Saturday, August 17, 2024
For a few hours yesterday, I felt as if I was taking crazy pills. Then again, I was dealing with time in C
Over the past year or two,
I've been cleaning up my posts here.
Largely making sure the HTML is valid,
but also that all internal links
(links where I link to previous posts) are valid to cut down on needless redirects or “404 Not Found” responses,
in addition to fixing errors with my web server configuration.
So along those lines,
yesterday,
I thought it might be time to add conditional responses to mod_blog
.
Given that it's mostly autonomous web crawling agents that read my site,
I might as well tell them that most of the links here haven't changed since the last time they came by.
There are two headers involved with this—Last-Modified
and If-Modified-Since
.
The server sends a Last-Modified
header with the last modification date of the resource in question.
The client can then send in a If-Modified-Since
header with this date,
and if the resource hasn't changed,
then the server can send back a “304 Not Modified” response,
saving a lot of bandwidth.
So all I had to do was generate a Last-Modified
header
(easy,
as I already read that information)
and then deal with the If-Modified-Since
header.
And then I spent way too much time dealing with time in C, which is odd, because there were only fix functions I was dealing with:
time_t time(time_t *tp)
- This returns the “calendar date and time” in a scalar value.
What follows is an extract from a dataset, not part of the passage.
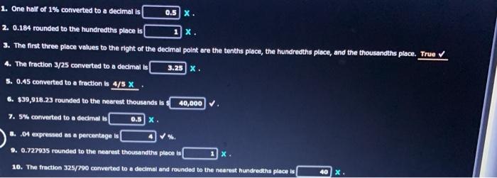 Solved 1 One Half Of 1 Converted To A Decimal Is 0 5 X 2 Chegg Com

On POSIX, this is an integer value of the number of seconds since midnight, January 1st, 1970 UTC. The tp paramter is optional.
time_t mktime(struct tm *tm)
- This converts a structure containing the year, month, day, hour, minute and second into a scalar value. The C standard does not mention time zones at all; POSIX does.
struct tm *gmtime(time_t const *tp)
- This converts the “calendar date and time” scalar value pointed to by tp into a broken down structure that reflects time in UTC.
struct tm *localtime(time_t const *tp)
- This converts the “calendar data and time” scalar value pointed to by tp into a brown down structure that reflects the time local to the server.
size_t strftime(char *s,size_t smax,char const *format,struct tm const *tp)
- This will convert the tp structure into a string based on the format string.
char *strptime(char const *s,char const *format,struct tm *tp)
- This will parse a string that contains a date, per the given format and return the data into a structure.
All but the last are standard C functions.
The last one, strptime()
is mandated by POSIX.
That's okay,
because I'm working on a POSIX system.
It turns out,
strptime()
is not an easy function to use.
Oh,
it may look easy,
but there are some subtleties that left me dazed and confused for hours yesterday.
The following does not work:
struct tm tm; time_t t; strptime("Fri, 20 May 2005 02:23:22 EDT","%a, %d %b %Y %H:%M:%S %Z",&tm); t = mktime(&tm);
When I was running this code in mod_blog
,
the resulting times would come back four or five hours off.
When I wrote some standalone test code,
it would sometimes be correct,
sometimes it would be an hour off.
It got to the point where I totally lost the plot of what I was even trying to do.
Now with yesterday behind me, I finally figured out what I was doing wrong.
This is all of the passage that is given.